• _Exercise prompt_
In your reply, repeat every entry exactly and skip over each picture.

================

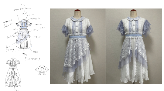 ・今までの衣装も全てロング丈のスカートの衣装が多かったので変化をつけたかったのと、清楚感を残しつつ夏らしく肌みせをするためにスカートの前丈は少し短めに、後ろは長めにデザイン
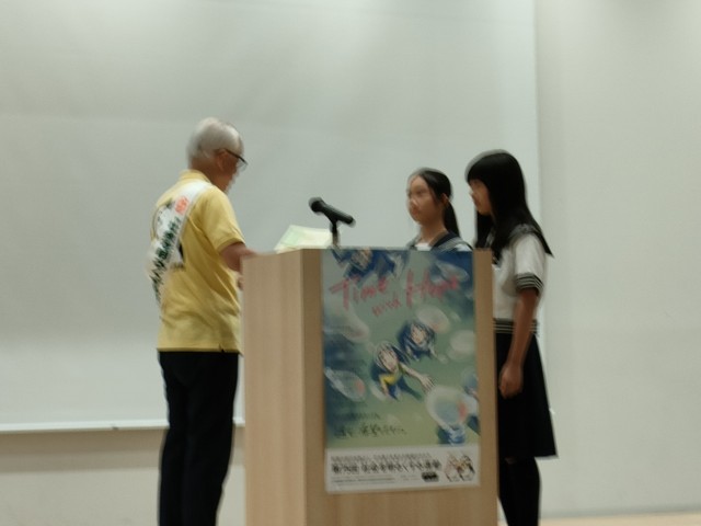 昨日 HPでお伝えしたとおり 2年生の2人の作文発表&吹奏楽部の演奏がいま、無事に終わりました。
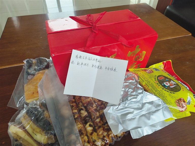民警們熱心的幫助、暖心的話語(yǔ),在曾先生心中留下了深刻的印象。雖然已經(jīng)過去了幾個(gè)月,但每每想起那次相遇,他的心頭總是涌起一股暖流。帶著這份感激和惦念,曾先生特意為孔瑪邊境派出所的民警們寄去了家鄉(xiāng)特產(chǎn)臘肉和香腸,還有一張寫滿祝福的卡片。
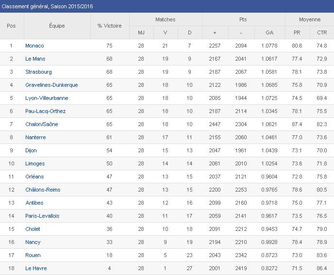 La Jornada 28 dejó como destacado líder de la Pro A al AS Monaco, que de la mano de un gran Jamal Shuler (25p+4r+5a) superó sin apuros al colista Le Havre (82-65) y aprovechó las 3 derrotas consecutivas que acumula el Strasbourg debido al sobresfuerzo en la Eurocup para ocupar esta privilegiada posición. Las dos últimas, ante Le Mans (66-82) y Dijon (77-54) en el encuentro aplazado de la J26.
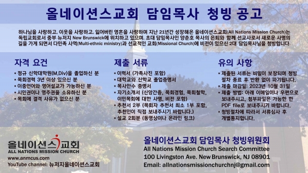 하나님을 사랑하고, 이웃을 사랑하고, 잃어버린 영혼을 사랑하며 지난 21년간 성장해온 올네이션스교회(All Nations Mission Church)는 독립교회로서 중부 뉴저지 New Brunswick에 위치하고 있으며, 초대 담임목사인 양춘호 목사의 은퇴와 함께 선교사로서 새로운 사명의 길을 가게 되면서 다민족 사역(Multi-ethnic ministry)과 선교적인 교회(Missional Church)에 비전이 있으신 2대 담임목사님을 청빙합니다.
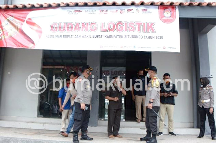 BUMIAKTUAL, SITUBONDO – Kapolres Situbondo, AKBP Imam Rifai meninjau gudang penyimpanan logistik, Rabu (11/11/2020). setelah barang-barang kebutuhan pemilihan umum tersebut telah datang, petugas kepolisian akan melakukan penjagaan ketat di sekitar lokasi.
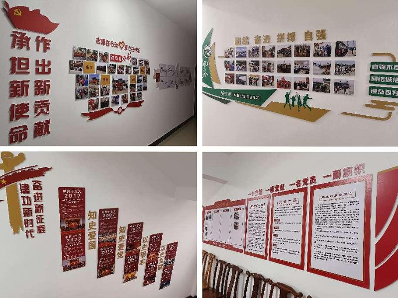 文化墻內(nèi)容包括黨的一大到二十大黨史、四個(gè)意識(shí)、四個(gè)自信、兩個(gè)維護(hù)、黨員干部職工風(fēng)采、黨建品牌、黨務(wù)公開(kāi)、黨員示范崗等內(nèi)容,陣地建設(shè)的打造,不僅宣傳了黨建知識(shí)、展現(xiàn)了黨員形象,還涵蓋了當(dāng)前黨建工作的重點(diǎn)內(nèi)容,將黨建品牌上墻,可以很直觀(guān)的看到黨建深度融入生產(chǎn)經(jīng)營(yíng)工作取得的實(shí)效性做法,可以讓職工群眾更深刻直觀(guān)的了解黨員先進(jìn)形象,同時(shí)不斷激勵(lì)黨員創(chuàng)先爭(zhēng)優(yōu)、爭(zhēng)做模范,進(jìn)一步提升了黨建的文化內(nèi)涵,使廣大黨員群眾在潛移默化中了解、支持、深化黨建工作,不斷提升黨建活力,發(fā)揮黨建引領(lǐng)作用。
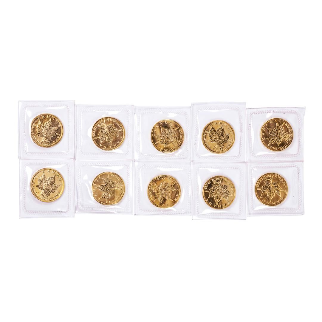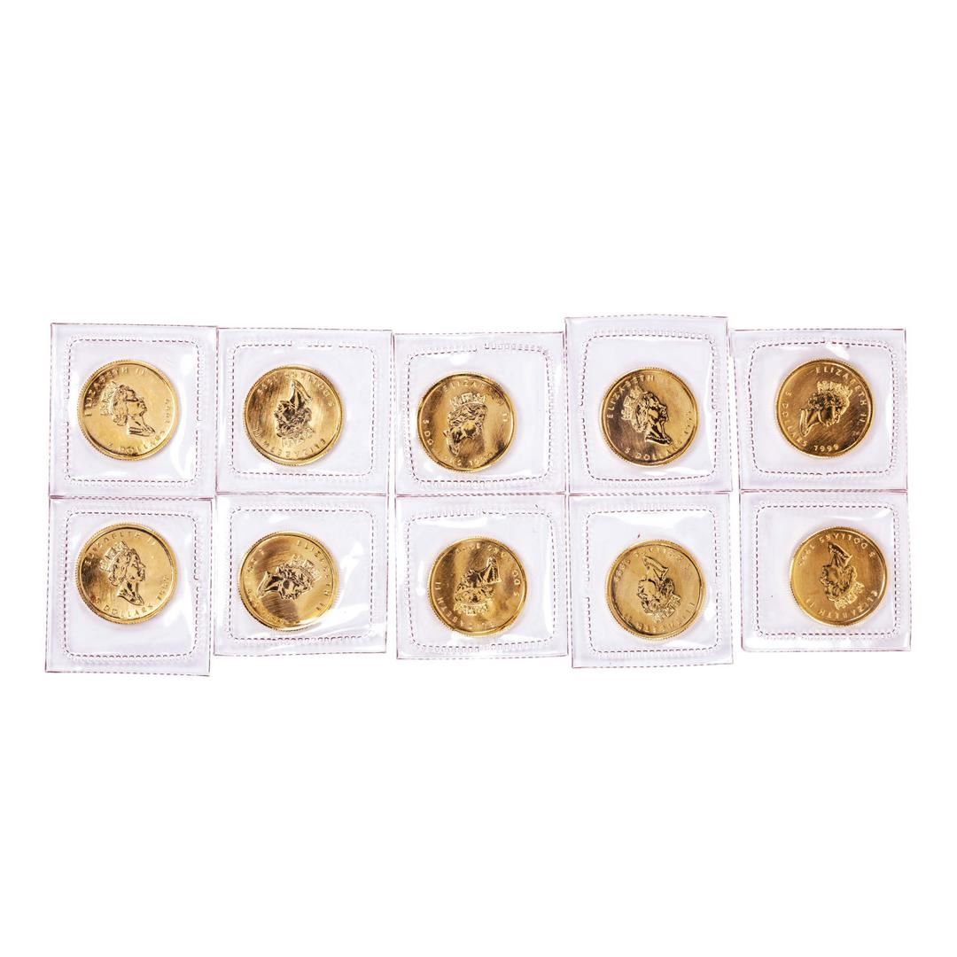One Lot of (10) Sealed 1999 Canadian $5 Maple Leaf Gold Coins.

================

• _Exercise result_
 ・今までの衣装も全てロング丈のスカートの衣装が多かったので変化をつけたかったのと、清楚感を残しつつ夏らしく肌みせをするためにスカートの前丈は少し短めに、後ろは長めにデザイン
 昨日 HPでお伝えしたとおり 2年生の2人の作文発表&吹奏楽部の演奏がいま、無事に終わりました。
民警們熱心的幫助、暖心的話語(yǔ),在曾先生心中留下了深刻的印象。雖然已經(jīng)過去了幾個(gè)月,但每每想起那次相遇,他的心頭總是涌起一股暖流。帶著這份感激和惦念,曾先生特意為孔瑪邊境派出所的民警們寄去了家鄉(xiāng)特產(chǎn)臘肉和香腸,還有一張寫滿祝福的卡片。
 La Jornada 28 dejó como destacado líder de la Pro A al AS Monaco, que de la mano de un gran Jamal Shuler (25p+4r+5a) superó sin apuros al colista Le Havre (82-65) y aprovechó las 3 derrotas consecutivas que acumula el Strasbourg debido al sobresfuerzo en la Eurocup para ocupar esta privilegiada posición. Las dos últimas, ante Le Mans (66-82) y Dijon (77-54) en el encuentro aplazado de la J26.
 하나님을 사랑하고, 이웃을 사랑하고, 잃어버린 영혼을 사랑하며 지난 21년간 성장해온 올네이션스교회(All Nations Mission Church)는 독립교회로서 중부 뉴저지 New Brunswick에 위치하고 있으며, 초대 담임목사인 양춘호 목사의 은퇴와 함께 선교사로서 새로운 사명의 길을 가게 되면서 다민족 사역(Multi-ethnic ministry)과 선교적인 교회(Missional Church)에 비전이 있으신 2대 담임목사님을 청빙합니다.
 BUMIAKTUAL, SITUBONDO – Kapolres Situbondo, AKBP Imam Rifai meninjau gudang penyimpanan logistik, Rabu (11/11/2020). setelah barang-barang kebutuhan pemilihan umum tersebut telah datang, petugas kepolisian akan melakukan penjagaan ketat di sekitar lokasi.
 文化墻內(nèi)容包括黨的一大到二十大黨史、四個(gè)意識(shí)、四個(gè)自信、兩個(gè)維護(hù)、黨員干部職工風(fēng)采、黨建品牌、黨務(wù)公開(kāi)、黨員示范崗等內(nèi)容,陣地建設(shè)的打造,不僅宣傳了黨建知識(shí)、展現(xiàn)了黨員形象,還涵蓋了當(dāng)前黨建工作的重點(diǎn)內(nèi)容,將黨建品牌上墻,可以很直觀(guān)的看到黨建深度融入生產(chǎn)經(jīng)營(yíng)工作取得的實(shí)效性做法,可以讓職工群眾更深刻直觀(guān)的了解黨員先進(jìn)形象,同時(shí)不斷激勵(lì)黨員創(chuàng)先爭(zhēng)優(yōu)、爭(zhēng)做模范,進(jìn)一步提升了黨建的文化內(nèi)涵,使廣大黨員群眾在潛移默化中了解、支持、深化黨建工作,不斷提升黨建活力,發(fā)揮黨建引領(lǐng)作用。
One Lot of (10) Sealed 1999 Canadian $5 Maple Leaf Gold Coins.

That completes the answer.